### What is expected
After locating the line with "En la parte" in the entries below, output it and each following line up to and including the line with "Yeah, the pattern", exactly and without pictures.

### Records for the task
════════════════
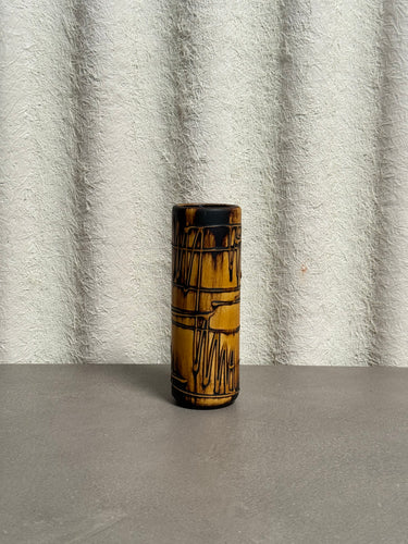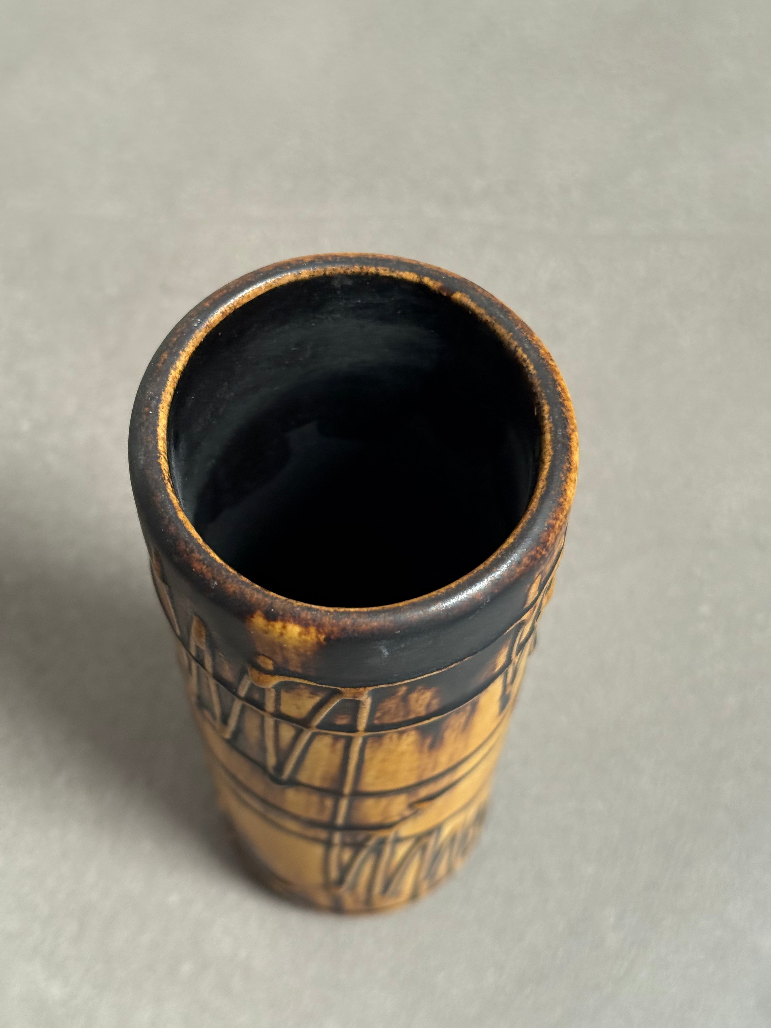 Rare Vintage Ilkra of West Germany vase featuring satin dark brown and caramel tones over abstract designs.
════════════════
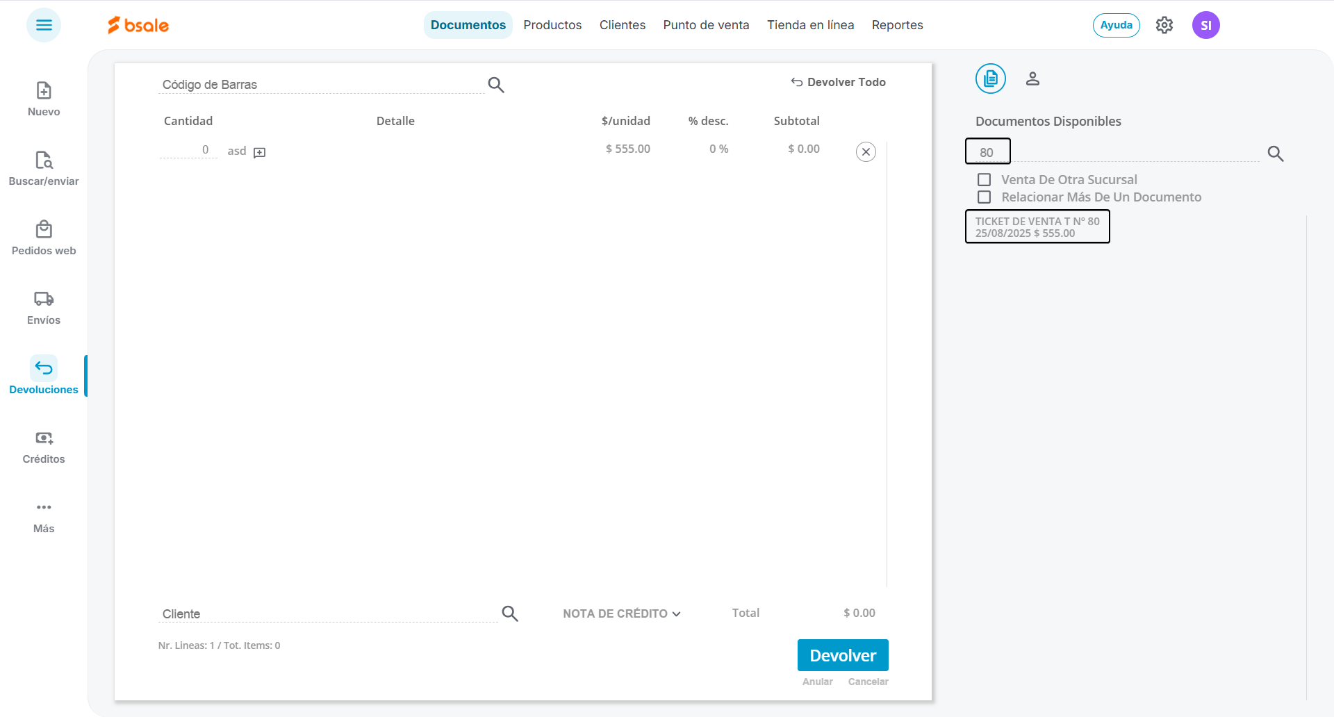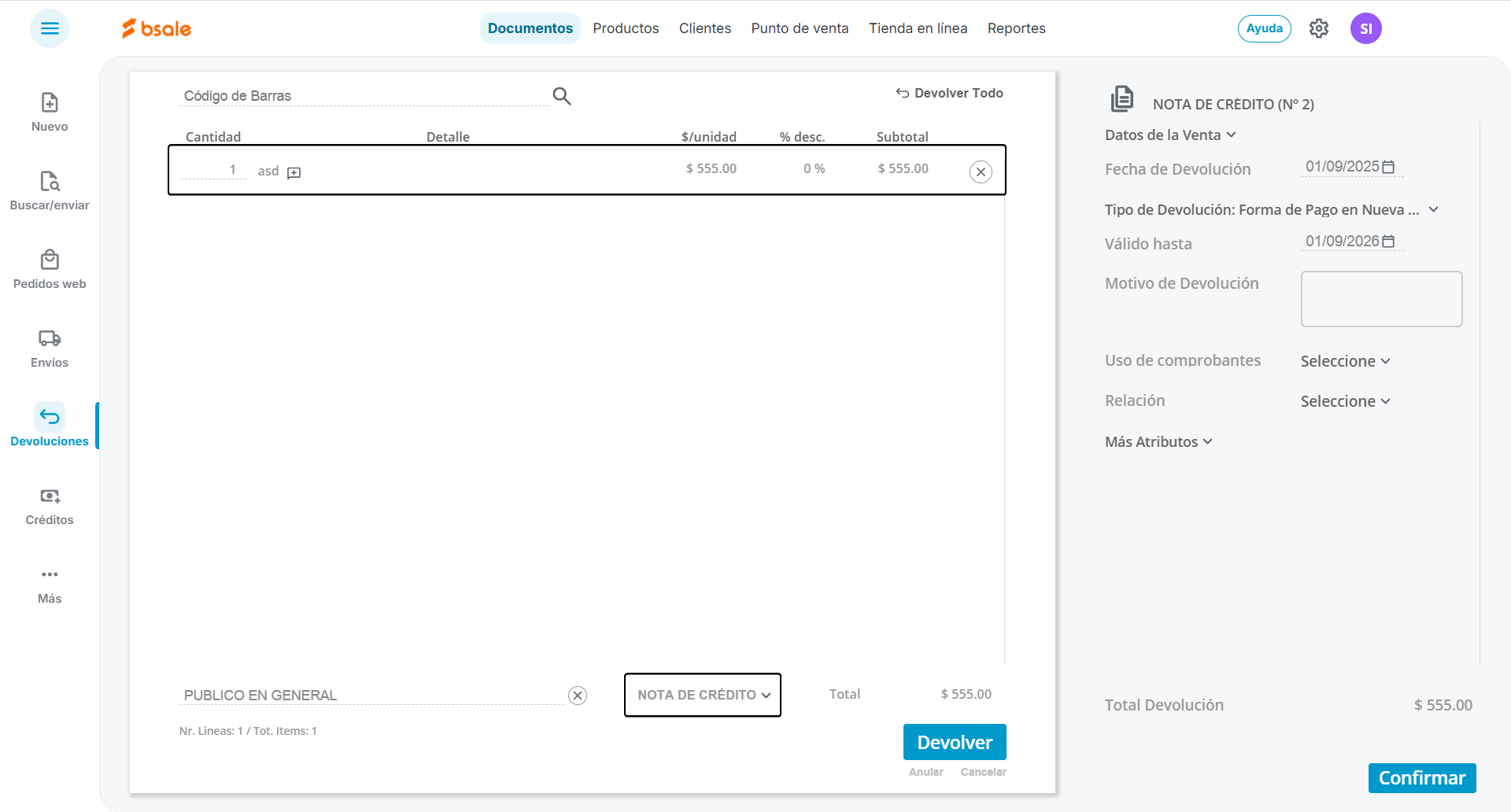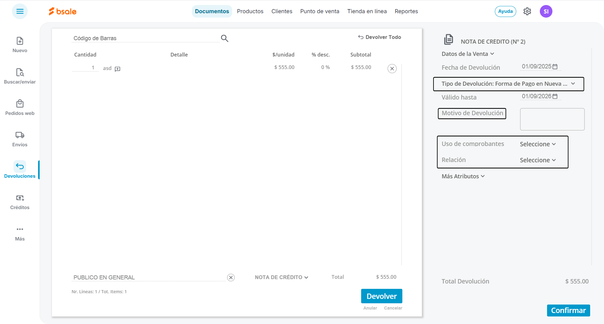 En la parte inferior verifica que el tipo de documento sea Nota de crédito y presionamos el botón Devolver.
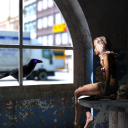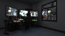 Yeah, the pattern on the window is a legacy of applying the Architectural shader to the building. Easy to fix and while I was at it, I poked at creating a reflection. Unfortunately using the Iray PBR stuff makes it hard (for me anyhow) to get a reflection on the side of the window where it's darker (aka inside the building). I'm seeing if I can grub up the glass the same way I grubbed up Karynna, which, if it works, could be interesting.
════════════════
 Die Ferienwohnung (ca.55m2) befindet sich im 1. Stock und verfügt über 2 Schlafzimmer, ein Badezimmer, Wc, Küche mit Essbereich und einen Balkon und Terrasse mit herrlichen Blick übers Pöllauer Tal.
════════════════
### Problem solution
 En la parte inferior verifica que el tipo de documento sea Nota de crédito y presionamos el botón Devolver.
 Yeah, the pattern on the window is a legacy of applying the Architectural shader to the building. Easy to fix and while I was at it, I poked at creating a reflection. Unfortunately using the Iray PBR stuff makes it hard (for me anyhow) to get a reflection on the side of the window where it's darker (aka inside the building). I'm seeing if I can grub up the glass the same way I grubbed up Karynna, which, if it works, could be interesting.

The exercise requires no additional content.